After being held for the past 14 months on charges of fatally stabbing a man in a Dallas area hotel more than 30 years ago, a Twin Cities man who lived an unassuming suburban dad's existence for decades is heading back home as Texas officials sort out complications analyzing DNA evidence in his case and others dating back many years.

Robert A. Otteson, 55, left the Denton County jail Monday morning without having to post monetary bail as his first-degree murder trial is put on hold indefinitely. Otteson was arrested and charged last summer in the killing of 42-year-old San Antonio businessman Francisco Narvaez in 1983 in a hotel room.

Otteson was greeted at jail by his brother Steve, and the two were driving back to Minnesota.

"I talked to him for about five minutes the other day and went down and got him," said Steve Otteson, who added that his brother was thrilled with even this temporary time out of custody.

Until his apprehension on Aug. 12, 2014, at his Lakeville home, Otteson had been living in the house with his wife and children since the mid-1990s.

The defense and prosecution in Otteson's case last week agreed to the case being continued. The trial had been scheduled to start next week.

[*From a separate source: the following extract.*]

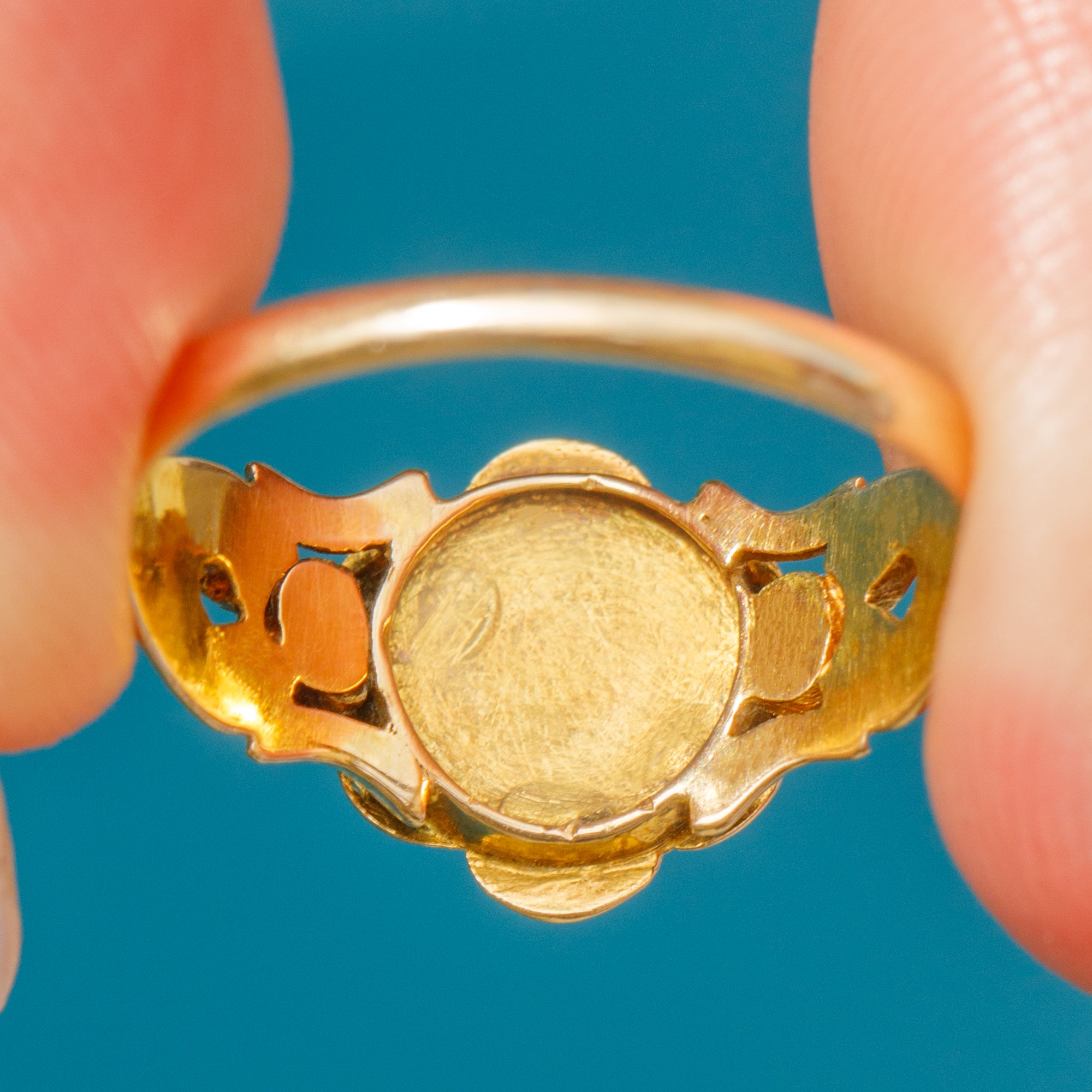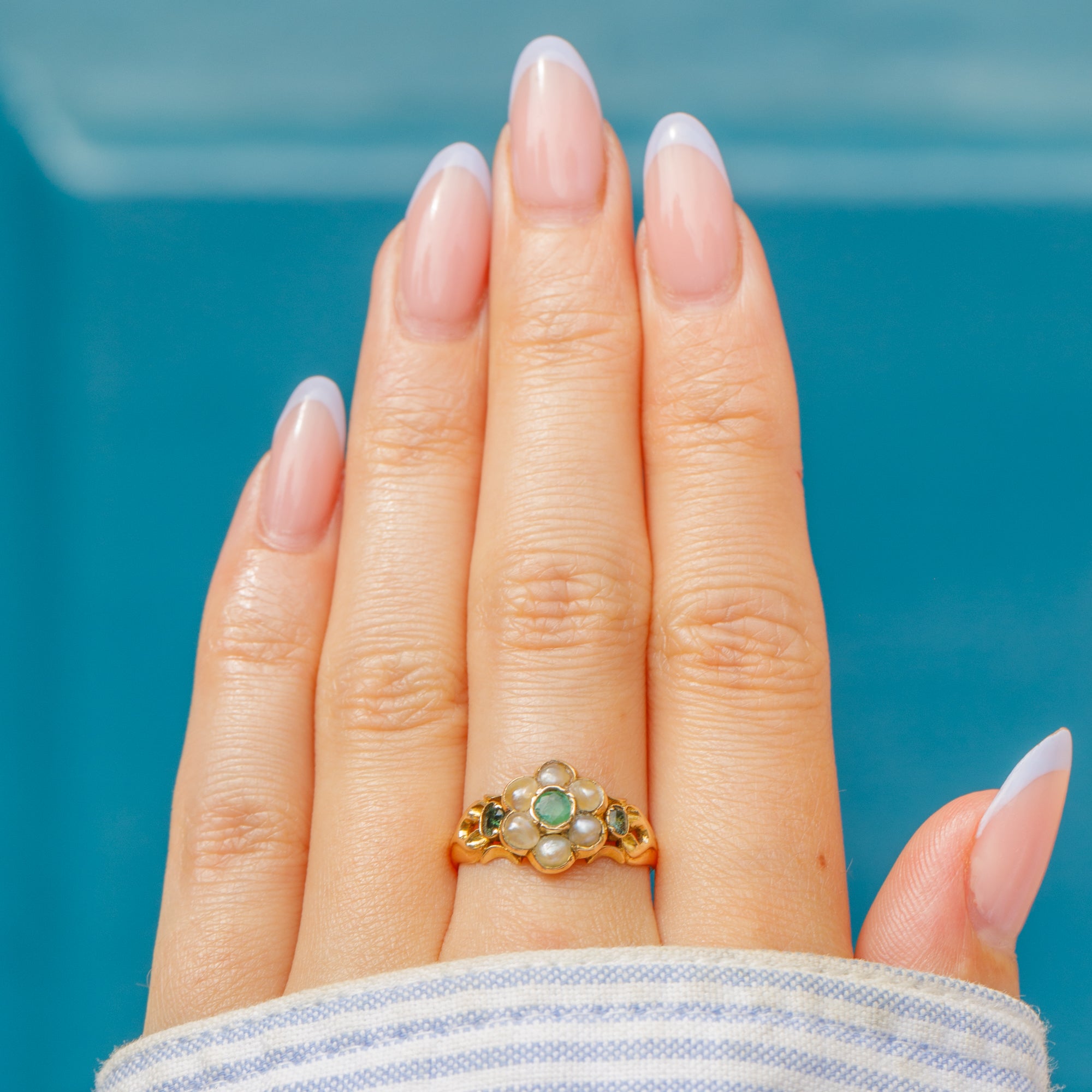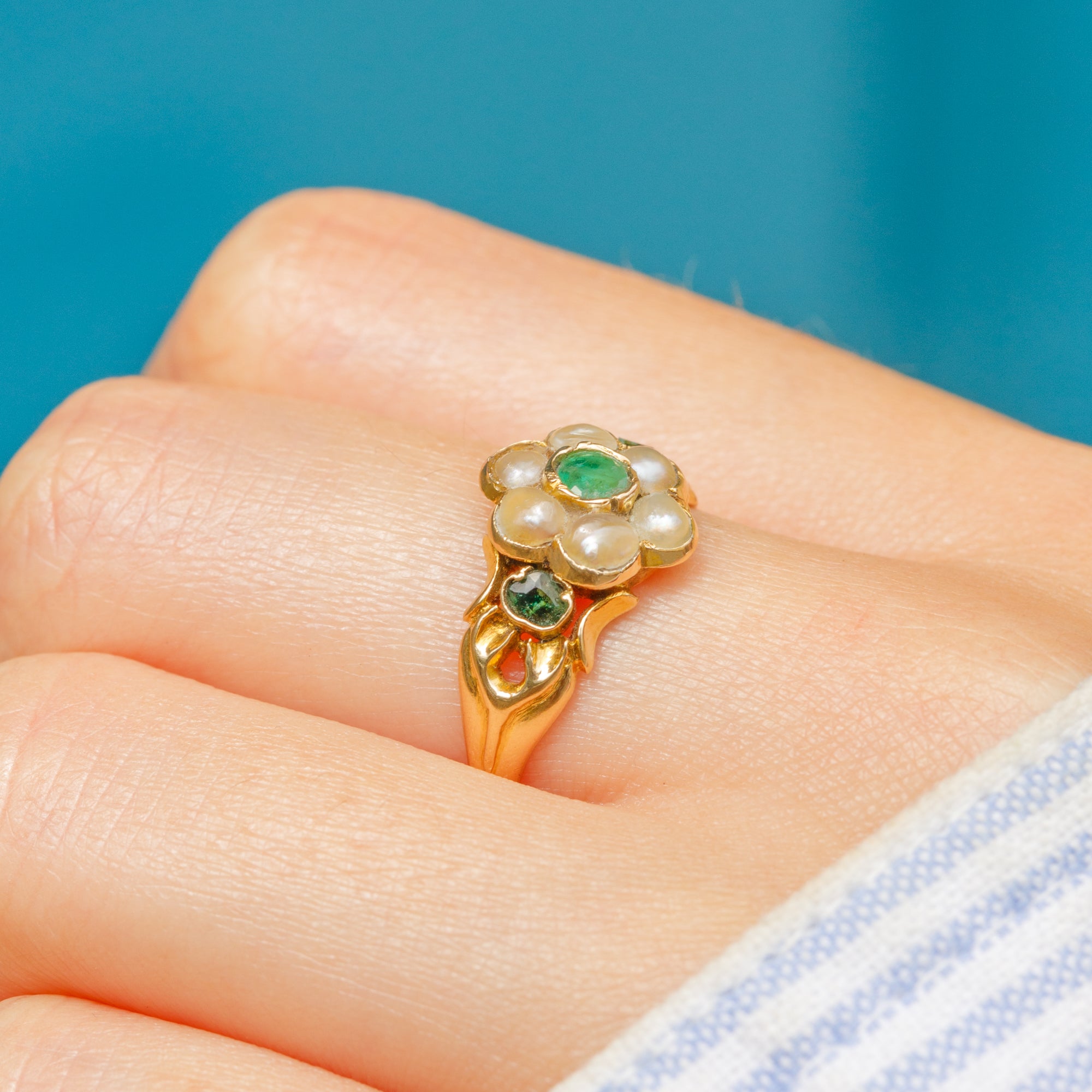 The 18ct Gold wraps elegantly around the finger, with its curvaceous lines and intricate details bringing bundles of charm. This Georgian Emerald & Pearl ring has a great presence and provides wonderful coverage as she adorns your hand!
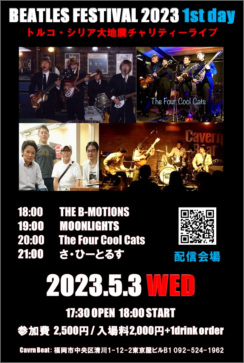 3年ぶりにゴールデンウィークのビートルズ祭りを復活いたします。今回はトルコ・シリア大地震のチャリティーライプとしてキャバーンビートYouTubeチャンネルより生配信いたします。ライブ中の投げ銭につきましてユニセフを通じて寄付いたしますのでご協力何卒よろしくお願い申し上げます。

"We had many meetings on both sides with the judge" about whether Otteson should be released pending trial, said Jamie Beck, spokeswoman for the Denton County district attorney's office.

Conditions for Otteson's release on $300,000 unsecured bond require that he remain in Dakota County when not traveling to Denton County for court proceedings. He must wear an electronic monitoring device, check in weekly by phone with the Denton County probation office and surrender his passport.

Beck said her district attorney's office and others across the state are awaiting establishment of new "protocols going forward for DNA mixture analysis" after "science problems" surfaced earlier this year.

Last month, the Texas Department of Public Safety notified prosecutors about the new standard being needed in the analysis of "mixed DNA." That refers to when more than one person's DNA is found on evidence. That means a re-examination is needed of the "mixed DNA" in Otteson's case, Beck said.

Otteson's attorney, Earl Dobson, explained Monday that his client was ready to go to trial, but the prosecution "had enough of a concern" about some of its DNA evidence "that they were not ready for trial."

Dobson said his client wants his day in court, but "if there's going to be a delay, you're much happier to be waiting at home with family than waiting in jail. But he knows the charges are still out there."

Police say that after Narvaez's death in September 1983, Otteson fled to Oklahoma City and settled in the Twin Cities. He and his wife raised two children.